Ed Davey’s clean energy investment challenge
In his opening remarks at the third annual Clean Energy Ministerial (CEM), energy and climate change secretary Ed Davey has today called on the Government and businesses to “lead the low-carbon transition”.
Addressing 23 energy ministers from some of the world’s biggest economies on the day that it was formally announced that the UK economy was in a “double-dip recession”, Davey said that despite difficult financial circumstances, the push for a green economy led by clean energy was entirely achievable.
It is a concept not lost on an increasing number of financial giants such as Wells Fargo, which recently announced a $30 billion commitment to green investment.
“Over the past few years, the global low-carbon sector has outshone the rest of the economy”, Davey said in the investment section of his short address.
“In 2011, the trillionth dollar was invested in clean energy; investment in renewables now outstrips investment in fossil fuels.
“But as major economies face tougher fiscal conditions, indications suggest growth has slowed.”
Despite investment in clean energy surging in 2011, with £5.9 billion injected into the sector, the first quarter of 2012 showed a lull.
Davey added that a strong governmental agenda was needed to ensure that the renewable energy market thrives, and to enable low-carbon businesses and sectors to form the cornerstone of our future economy. But talk is cheap.
“Our challenge is to make sure investment in clean energy soars, even if the wider economy is sluggish”, he said.
“Government cannot do this alone: we do not have the reach, or the balance sheet.
“So we must create the right frameworks for investment, sending clear signals to the businesses who will lead the low-carbon transition”.
“We must encourage innovation, and do what we can to bring clean technologies to market.”
Nice sentiments but not entirely in-keeping with the government’s fumbling of the feed-in tariff scheme, which has only served to confuse the sector.
Ed Gill, head of external affairs at Good Energy recently told Blue & Green Tomorrow: “The planned feed-in tariff Contract for Difference is a very poor instrument for attracting  investors, because it’s so complex and inaccessible. It might be fine in theory, but it just leaves too many people scratching their heads, including those inside the DECC (Department for Energy and Climate Change).”

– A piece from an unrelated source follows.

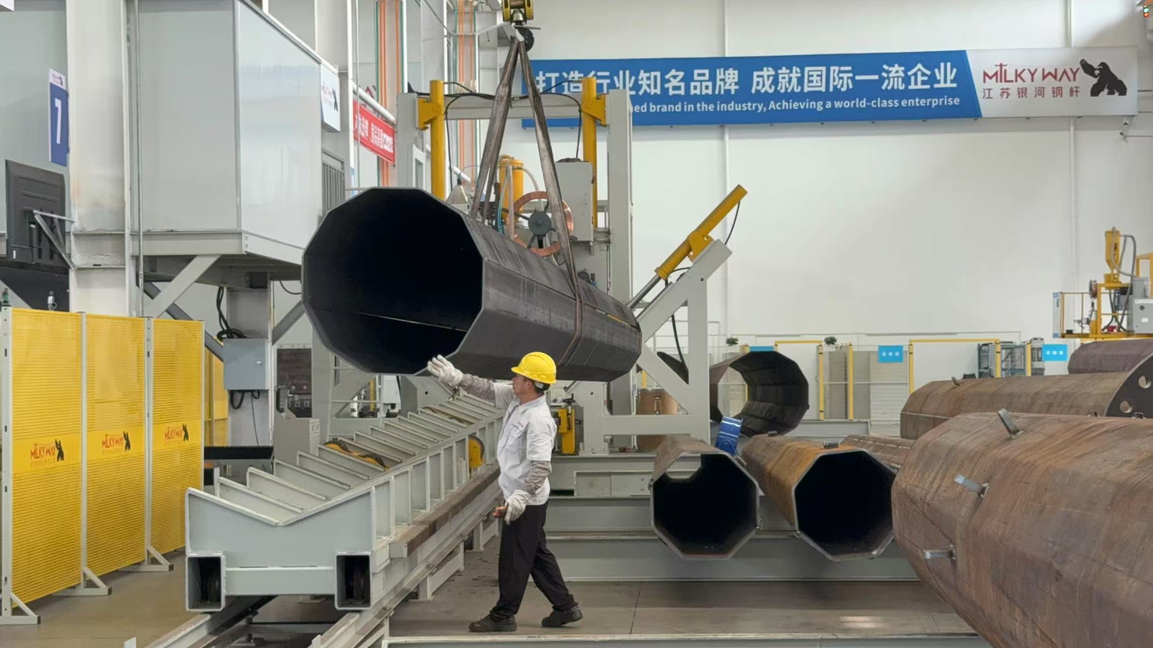 Máquina de soldadura por cierre de postes de mástil alto, es adecuada para postes poligonales y cónicos circulares de uno o dos cuerpos. Es una línea de soldadura automática, la estructura tipo pórtico es fija y con sistema de soldadura, carro de longitud completa del poste con servomotor para movimiento de velocidad ajustable. El cilindro hidráulico puede empujar la rueda de sujeción para cerrar el poste y realizar la soldadura de cierre al mismo tiempo.
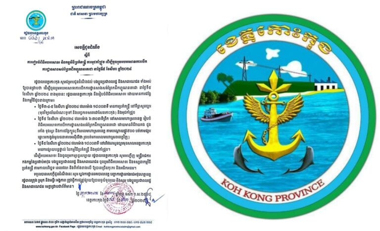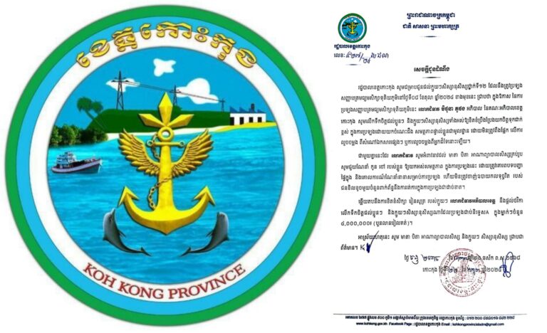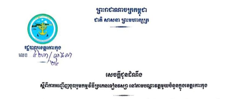 លិខិតអំពាវនាវ របស់រដ្ឋបាលខេត្តកោះកុង

Davey will give an environmental address at the CEM tomorrow in place of David Cameron, who yesterday cut his own talk and is yet to deliver a keynote speech on the environment whilst in charge of the country.
The PM’s contribution will now come in the form of “remarks” at the beginning of the event’s second day on April 26.
There are high expectations for Cameron’s brief cameo at the CEM, but it is likely that it will once again be left to the energy secretary—this time Ed Davey— to attempt to rebuild trust in green policies, which have so far underwhelmed and under-performed.